*** Records supplied
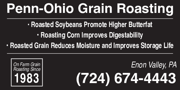 Penn-Ohio Grain Roasting • Roasted Soybeans Promote Higher Butterfat • Roasting Corn Improves Digestability • Roasted Grain Reduces Moisture and Improves Storage Life Enon Valley, PA (724) 674-4443 On Farm Grain Roasting Since 1983
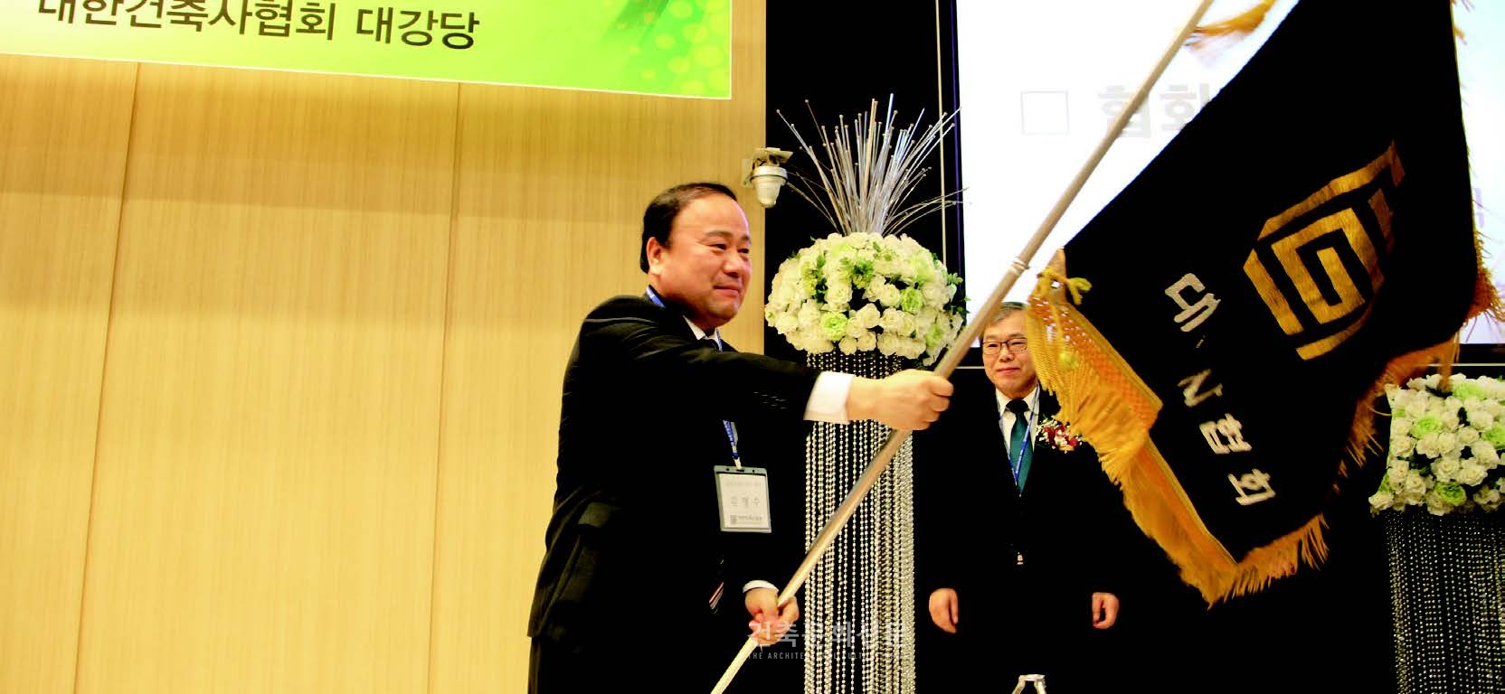 이날 강성익 회장으로부터 협회기를 전달받은 김영수 신임회장은 지난 3월 6일부터 본격적인 업무를 시작했으며, 앞으로 2년간 전국 8천 8백여의 건축사 회원을 대표해 협회를 이끌게 된다.
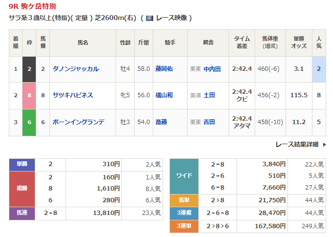 ◎ジュビリーヘッド(5人気)2着 複勝260円
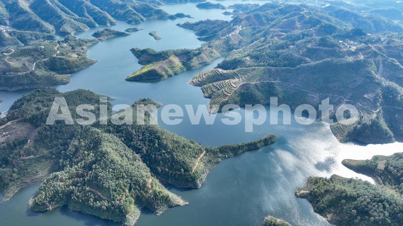 2023年11月8日,贵州省安顺市紫云苗族布依族自治县黄家湾水库,水清岸绿,景美如画。
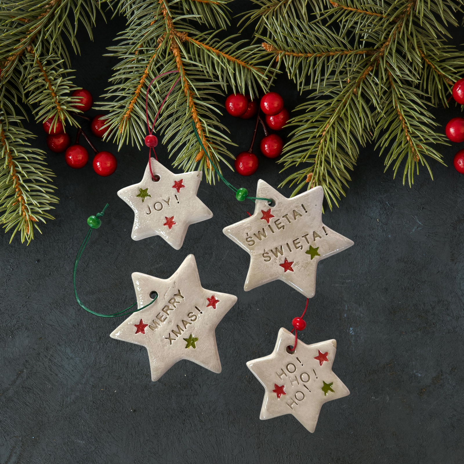 Ozdoby formowane oraz dekorowane ręcznie. Wszystkie gwiazdki ozdobione zostały świątecznymi napisami oraz kolorowymi gwiazdkami. Dodatkowo pokryte transparentnym, błyszczącym szkliwem. Każda zawieszka została wyposażona również w zawieszkę oraz dekoracyjny koralik.
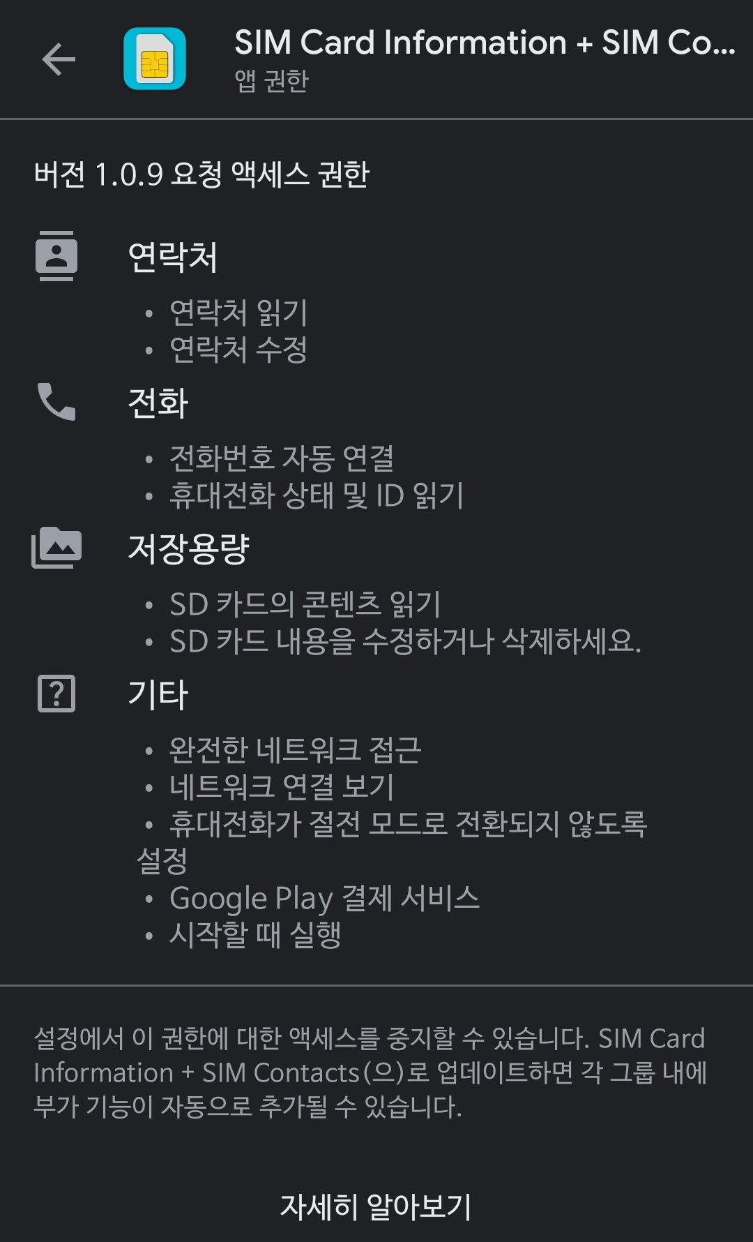 저 중에 특히, SD카드 억세스 권한은 필요할까요? 연락처 억세스는 유심카드 내 연락처를 본다는 이유로 요구하고 있기는 합니다만, 그거 안 건드리는 대신(안드로이드 기본 앱에서도 합니다) 연락처접근 권한, 적어도 수정하는 권한은 요구하지 않는 심카드 정보앱도 있습니다.
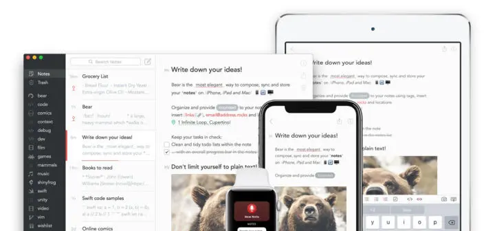 - Bear (iOS、Mac):一个小型笔记应用,主打美观和效率并行,并对 Markdown 语法做了一定的改动。
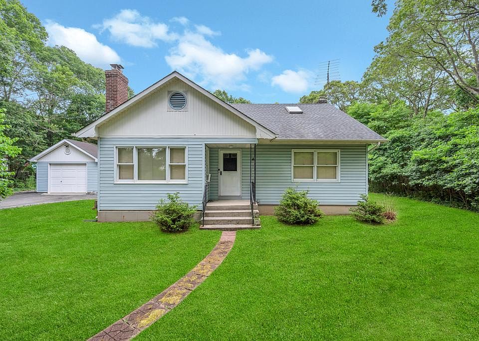 Nestled Exp Cape on 1 acre of property - Exp in rear of home. Located just north of South Country Road. Very private setting. Home is set back with detached 1.5 car garage/attached 10 x 15 storage shed. Polished Hardwood Floors throughout, large Livingroom w/ hi-hat lighting with wood burning stove & red brick base and new ceiling fan, Dining Room with slider to 27 x 14 wood deck in secluded yard, Kitchen with side door entrance- New Stainless steel refrigerator, SS Dishwasher and stainless steel sink and faucet , 4 Bedrooms nice size- one upstairs w/ skylight, raised panel doors throughout, Belgium block driveway- black top an 2 drains. Newer Peerless Heat System (5 years), 200 Amp Electric Panel, updated light switches and outlets on main level, freshly painted. Full basement with inside access and outside bilco doors. LG Washer And Dryer (6 mos) Home is Move in Ready!!!
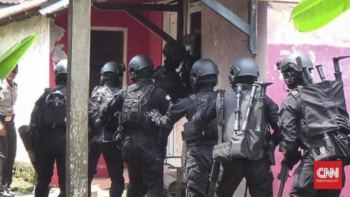 Densus88 vây ráp nghi phạm khủng bố. (Ảnh: CNN Indonesia)
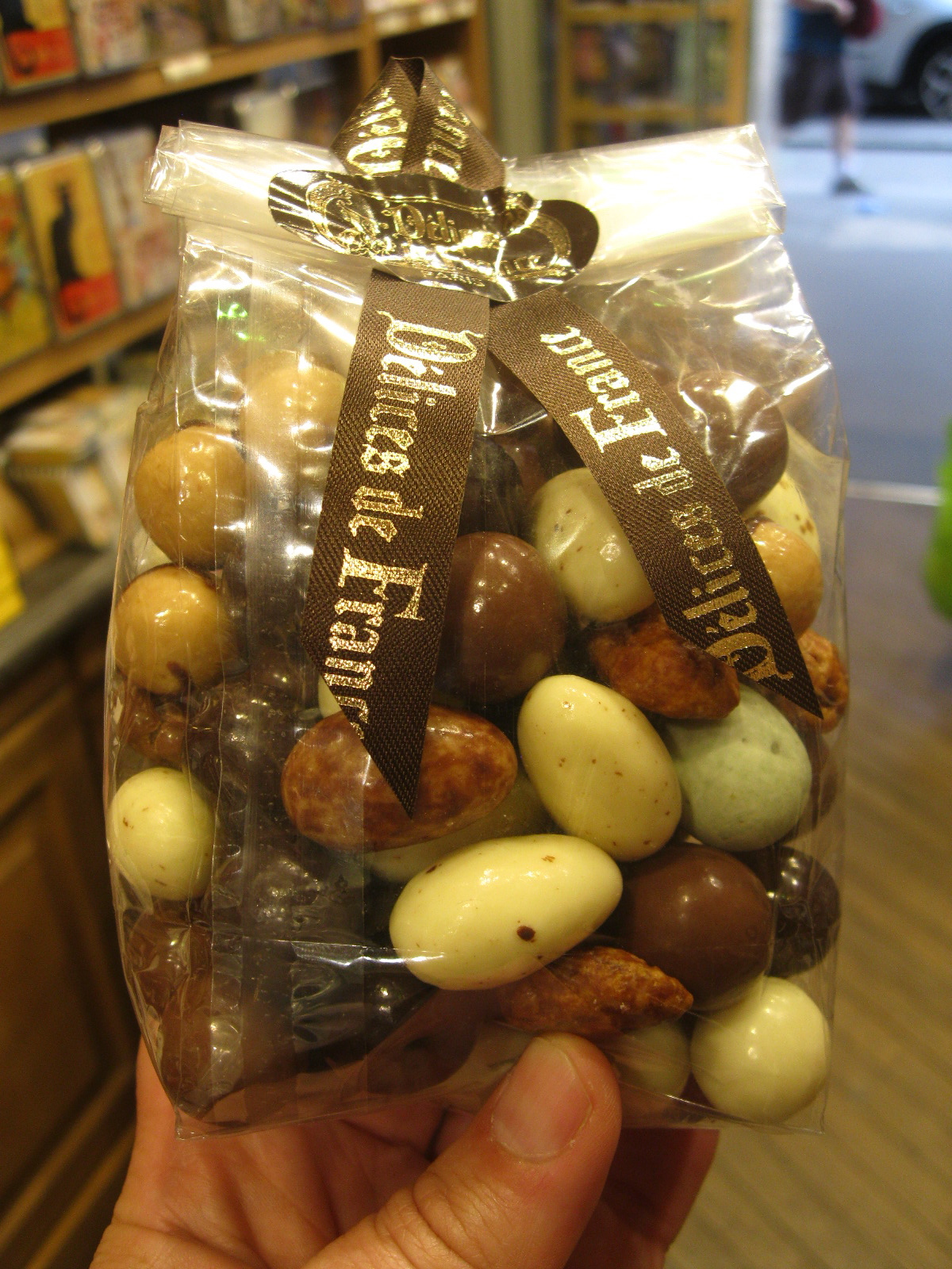 - A bag of chocolate covered dried fruits and nuts
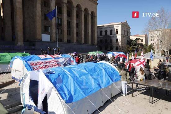 Итак, в самом центре Тбилиси, у здания парламента, развёрнуты палатки и полиция не препятствует подобному, как это было совсем недавно.
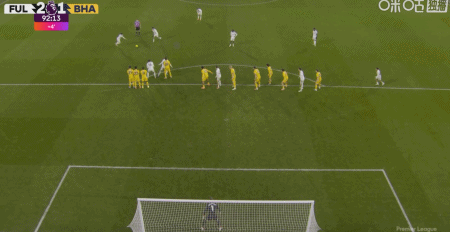 第90+2分钟,哈里-威尔逊任意球直接破门,富勒姆2-1布莱顿。
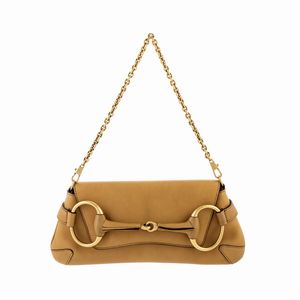 misure 37x20x14 cm. in pelle beige, finiture dorate, interno in tessuto ad uno scomparto con una tasca a zip, [..]
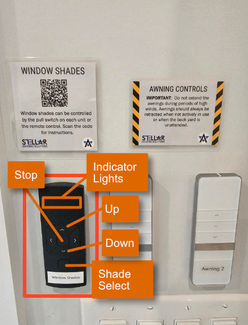 • The remote control, located in the kitchen between the window and the patio door, can be used to control each window shade independently.
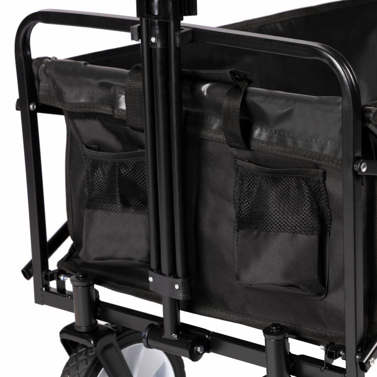De opvouwbare bolderwagen is gemaakt van hoogwaardige materialen. Het frame is gemaakt van staal en de bekleding van stevig polyester met een waterafstotende werking. De kwalitatieve stof is bestand tegen weer en wind. In deze bolderwagen kan maar liefst maximaal 80 kilogram vervoerd worden.
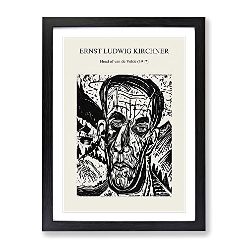 Head Of Van De Velde By Ernst Ludwig Kirchner Exhibition Museum Painting Framed Wall Art Print, Ready to Hang Picture for Living Room Bedroom Home Office Décor, Black A2 (64 x 46 cm)
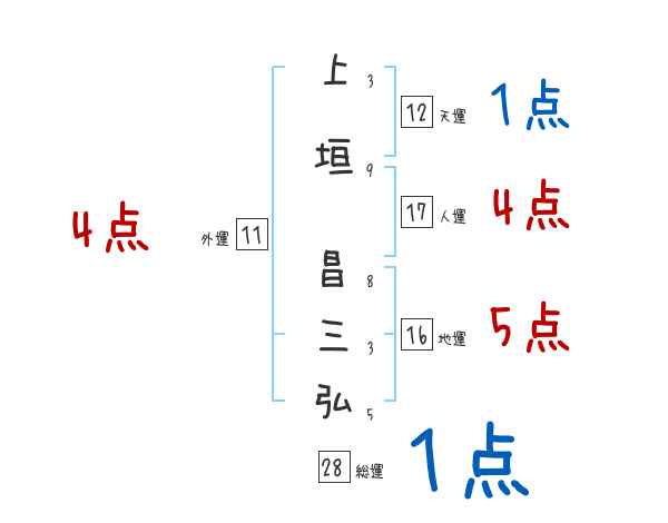 総運![]() | 上垣昌三弘さんの総運は28画の1つ星!家庭環境に注意。スポーツで活躍できる能力があるかも。 あなたの人生を表す1番重要な運勢です。生涯を通じて影響する総合運となり、主に50歳以降の晩年期に影響を及ぼします。 |
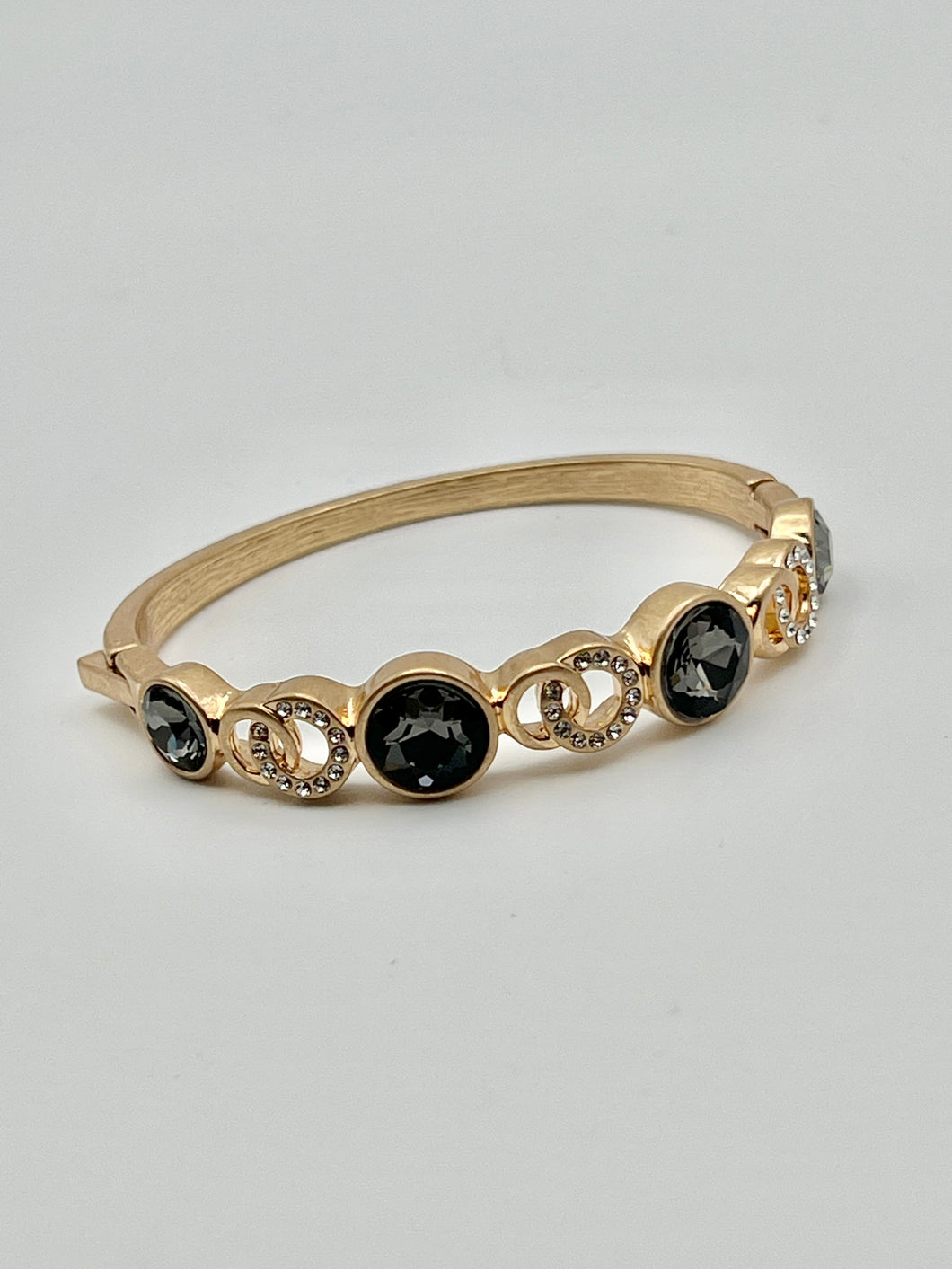 24/7 Wear Vintage Gold Bangle with Inlaid Crystals or Pearls
******
• What to produce: When you reach the line with "2023年11月8日,贵州省" in the records above, start writing out each line exactly, and stop after the line with "저 중에 특히, SD카드". Pictures stay out.

• Written response:
 2023年11月8日,贵州省安顺市紫云苗族布依族自治县黄家湾水库,水清岸绿,景美如画。
 Ozdoby formowane oraz dekorowane ręcznie. Wszystkie gwiazdki ozdobione zostały świątecznymi napisami oraz kolorowymi gwiazdkami. Dodatkowo pokryte transparentnym, błyszczącym szkliwem. Każda zawieszka została wyposażona również w zawieszkę oraz dekoracyjny koralik.
 저 중에 특히, SD카드 억세스 권한은 필요할까요? 연락처 억세스는 유심카드 내 연락처를 본다는 이유로 요구하고 있기는 합니다만, 그거 안 건드리는 대신(안드로이드 기본 앱에서도 합니다) 연락처접근 권한, 적어도 수정하는 권한은 요구하지 않는 심카드 정보앱도 있습니다.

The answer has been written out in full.